Care Quality Commission
Supporting Second Opinion Appointed Doctors in completing their Mental Health Act assessments in a simple and efficient way.
Targeted support
Thalamos CQC was the first and continues to be the sole provider of digital Second Opinion Appointed Doctor (SOAD) forms and processes to the Care Quality Commission (CQC).
Brought in to focus during the COVID-19 crisis, Thalamos quickly developed a system to allow the SOAD service to continue operating and join up the admission, treatment and discharge care pathways through digital MHA statutory forms.
With more than 99% of Mental Health Trusts now having received SOAD forms from Thalamos, those Trusts using full Thalamos eMHA functionality can integrate the whole MHA pathway alongside their SOAD processes and statutory obligations.
The CQC is now in receipt of a much faster, intuitive, and auditable SOAD service.
Benefits
- Interoperable readiness
- Administrative and clinical time savings to support improved patient care, staff training and improved services
- Protection for patients and their data
- Improved partnership working across organisations
- Patient outcomes and treatment times
- Supporting full end-to-end mental health pathways
- Richer data accuracy to inform strategic decisions to improve patient outcomes and services
- Integrations with EPMA systems to improve compliance
- Clinical safety
- Simpler information governance
Case Study
CQC
In 2020, as part of the COVID-19 pandemic response, Thalamos digitised the CQC’s SOAD service, which safeguards the rights of patients detained under the Mental Health Act (MHA) who either refuse the treatment prescribed to them or are unable to consent to it. The implementation allowed the CQC to avoid suspending part 4 of the Mental Health Act during the COVID-19 pandemic, and has reduced the time between SOAD assessment and certificate receipt from 7 days to 15 hours.
What we delivered
For the national SOAD service, we deployed a bespoke section of our Thalamos Assess solution, which joins up the admission, treatment and discharge care pathways through digital MHA statutory forms.
SOADs can complete their assessment on any device, generating the required report and treatment certificates. These are then securely shared with any healthcare provider nationally who can access it instantaneously via an encrypted link to be administrated by all stakeholders – from doctors to ward staff and administration teams – with central oversight from the CQC team.
How we successfully achieved this
Thalamos produced a prototype T3 certificate in early 2020 to demonstrate the way in which this might work. The T3 prototype helped to remove SOAD concerns and familiarise them with the potential new system, while allowing them to provide feedback before a pilot went ahead.
A pilot was then initiated where close collaboration between the SOAD team, SOADs and Thalamos was key to the success of the pilot and subsequent rollout. All teams were heavily involved throughout, enabling the system to be fine-tuned and optimised at every stage of the process building to a complete digital SOAD pathway.
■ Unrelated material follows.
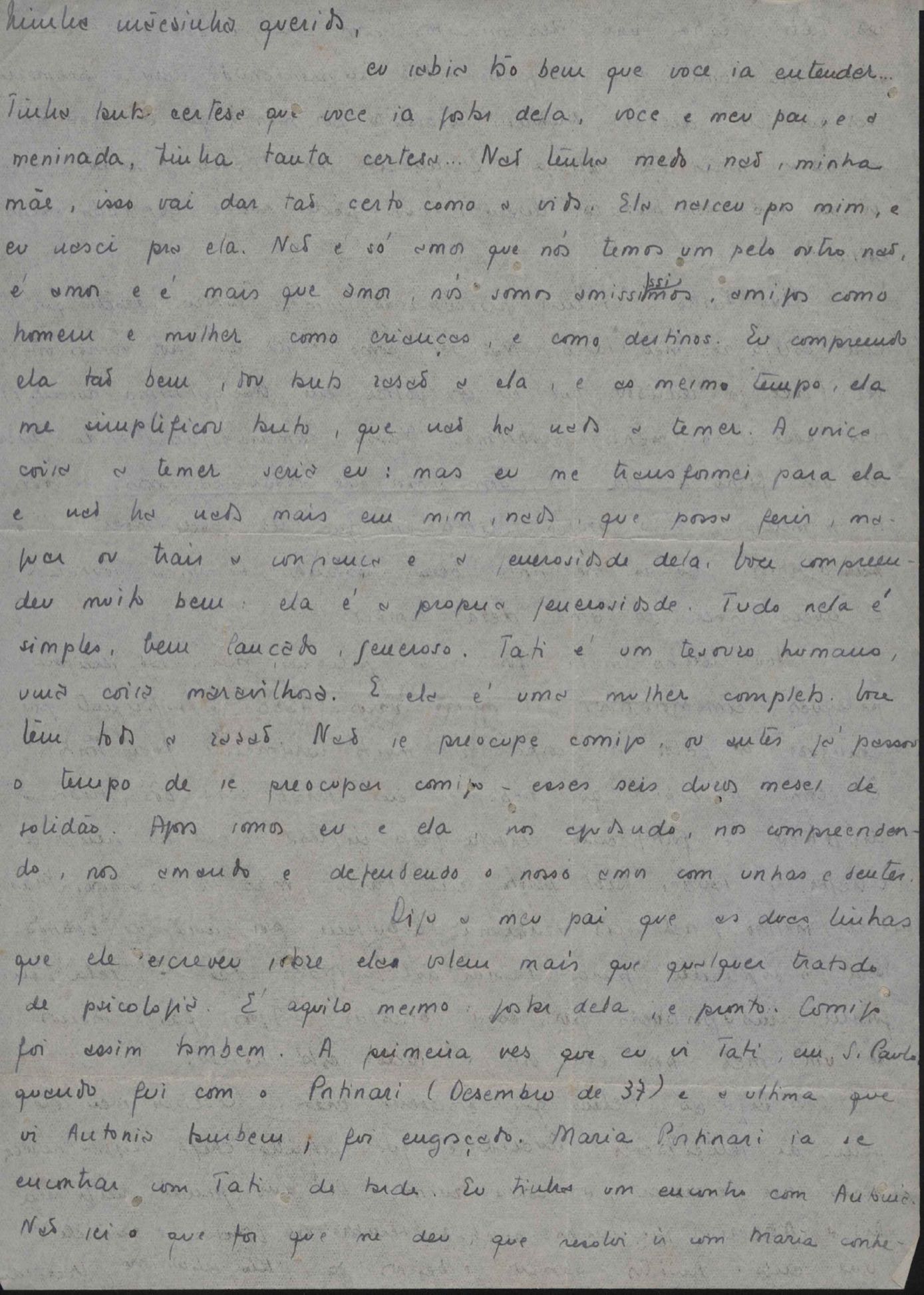 Solicitação de envio de documentos. Notícias sobre a sua vida pessoal. Pergunta sobre o irmão, Helius de Moraes. Felicitações pelo aniversário de seu filho, Pedro de Mello Moraes. Pedido de envio de jornais por intermédio de sua irmã, Lygia Cruz de Moraes. Na carta de Oxford, de 22 mar. 1939, VM comunica a seus pais, amigos e parentes seu casamento, por procuração, com Beatriz Azevedo de Mello Moraes. Comentários sobre os amigos e encontros com Afrânio de Melo Franco, Baden Powell, Carlos Drummond de Andrade, Beatriz Azevedo de Mello Moraes, Custódio José de Melo, Di Cavalcanti, Fernando Sabino, Greta Garbo, Manuel Bandeira, Pablo Neruda, Rodrigo de Melo Franco, Rubem Braga, Tom Jobim entre outros. Considerações sobre lançamento e venda de seus livros. Notícias sobre a vida familiar. Lydia Cruz de Moraes faz comentários sobre os relacionamentos amorosos do filho, VM. Felicitações pelos aniversários de VM e de seu neto, Pedro de Mello Moraes. Preocupação com a saúde do filho, VM. Notícia sobre a publicação de crônicas. Comentário sobre a separação de VM e Beatriz Azevedo de Mello Moraes. Comentário sobre viagem feita a Belo Horizonte. Questionamento sobre o retorno de Helius de Moraes ao Brasil. Comentário sobre a candidatura de Cristiano Machado a Presidente da República. Considerações sobre o falecimento do pai e da avó de VM, Maria Conceição. Cumprimentos pelo poema "Pátria minha". Recomendações aos amigos: Aníbal Machado, Mário Melo, Ary Franco, José Artur, Pedro Nava, Guilherme Souto entre outros.

This was further strengthened by their shared value to ultimately improve patient care.
Project outcomes and lessons
Since the pilot was launched, the time between the SOAD completing their assessment and the provider receiving their certificate has fallen from seven days to just 15 hours. End users (SOADs) have rated the new system 9/10 on usability, and more than 99% of providers have received a digital form through Thalamos.
Patient benefit
Thalamos has helped reduce access to treatment times from 7 days to 15 hours by connecting care professionals more effectively.
Operational Benefit
More than 99% of mental health providers, public and private, have received Mental Health Act documents via Thalamos.
Compliance benefit
Everyone receives a copy of the SOAD assessment on submission, including the provider who requested it and the SOAD Services team.
We believe that there should be no distinction or disparity between emergency physical and mental health care as exists currently.